The ribosome doesn’t just passively watch this happen. It actively verifies correct pairing through a two-step proofreading system that uses the energy difference between correct and incorrect matches twice, dramatically reducing errors.

Not All Codons Are Used Equally

Even though multiple codons can specify the same amino acid, cells don’t use all of them at the same rate. This phenomenon, called codon usage bias, appears in bacteria, plants, and animals. Cells tend to favor certain “optimal” codons that correspond to whichever tRNA molecules are most abundant in the cell.

The practical effect is speed. When a ribosome encounters an optimal codon, there’s a readily available tRNA nearby, so translation moves quickly. When it hits a rare codon, it has to wait for the right tRNA to show up, slowing down.

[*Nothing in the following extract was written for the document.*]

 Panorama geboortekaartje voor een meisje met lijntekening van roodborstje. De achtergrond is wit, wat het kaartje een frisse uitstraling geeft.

Stretches of rare codons can create a traffic jam of ribosomes, which may even block new proteins from being started on that same mRNA. Highly expressed genes, the ones a cell relies on heavily, tend to use optimal codons almost exclusively. This bias influences not just how much protein gets made but also how the protein folds into its final three-dimensional shape, since the pace of translation affects how the chain coils up as it emerges from the ribosome.

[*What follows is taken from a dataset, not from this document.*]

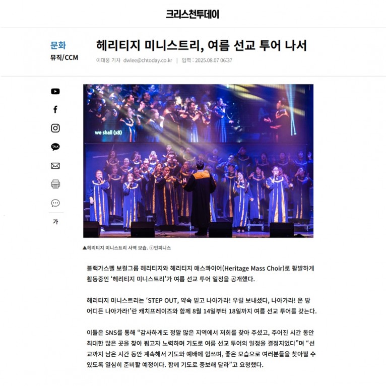 뮤직타임 [기사] 헤리티지 미니스트리, 여름 선교 투어 나서(크리스천투데이)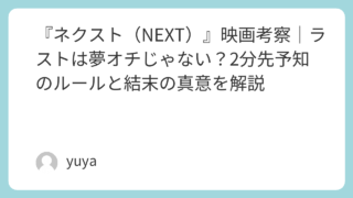 『ネクスト(NEXT)』映画考察|ラストは夢オチじゃない?2分先予知のルールと結末の真意を解説 「結局あのラスト、どういう意味だったの?」——映画『NEXT -ネクスト-』を観たあと、多くの人がここで引っかかります。本記事では、クリスの“2分先予知”のルール、リズだけが例外になる理由、終盤の時間構造、そして原作『ゴールデン・マン』との... 2026.02.14 Uncategorized

This has real-world applications in biotechnology. When scientists want to produce large amounts of a human protein in bacteria, they often redesign the gene’s codon sequence to match the host organism’s preferred codons, boosting production dramatically.

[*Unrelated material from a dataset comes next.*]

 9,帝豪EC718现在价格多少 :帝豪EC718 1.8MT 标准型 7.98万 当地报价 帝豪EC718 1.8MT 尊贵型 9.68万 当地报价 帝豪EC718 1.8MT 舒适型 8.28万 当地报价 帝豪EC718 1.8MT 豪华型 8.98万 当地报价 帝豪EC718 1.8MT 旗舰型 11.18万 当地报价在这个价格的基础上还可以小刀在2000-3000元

The Genetic Code Isn’t Quite Universal

The standard codon table you’ll find in any biology textbook applies to the vast majority of life on Earth. But there are exceptions, particularly inside mitochondria, the energy-producing structures within cells that carry their own small genome.

The first deviations from the standard code were discovered in human mitochondria in 1979, and many more have been found since. In the mitochondria of sea stars and sea urchins, for instance, the codons AGA and AGG code for the amino acid serine rather than arginine, as they would under the standard code. Invertebrate mitochondria use up to five alternative start codons beyond the standard AUG. Even the bacterium E. coli has been found to use as many as 47 possible start codons. These variations are relatively minor, though. The core logic of codons, three-letter sequences read in order, is the same everywhere.

Frameshift Mutations: When the Reading Shifts

Because codons are read in consecutive groups of three with no gaps or punctuation between them, the starting point matters enormously. If a single base gets inserted or deleted from the sequence, every codon downstream shifts by one position. This is a frameshift mutation, and it’s typically catastrophic for the protein. The entire amino acid sequence after the insertion or deletion changes, and the ribosome usually hits a premature stop codon in the new, garbled reading frame, producing a truncated, nonfunctional protein.

This is different from a simple substitution, where only one codon (and at most one amino acid) is affected. Frameshifts illustrate why the triplet nature of codons is so fundamental: the entire system depends on reading the right three letters at a time, in the right order, from the right starting point.

How the First Codon Was Cracked

The relationship between codons and amino acids was a mystery until 1961, when Marshall Nirenberg and Heinrich Matthaei at the National Institutes of Health ran an elegant experiment. They created a synthetic RNA strand made entirely of uracil (poly-U), then added it to a test tube containing the protein-building machinery extracted from E. coli bacteria. The result: the system churned out a chain made entirely of the amino acid phenylalanine. UUU was the first codon ever decoded. Over the following years, researchers used similar techniques to assign amino acids to all 64 codons, completing the genetic code by the mid-1960s.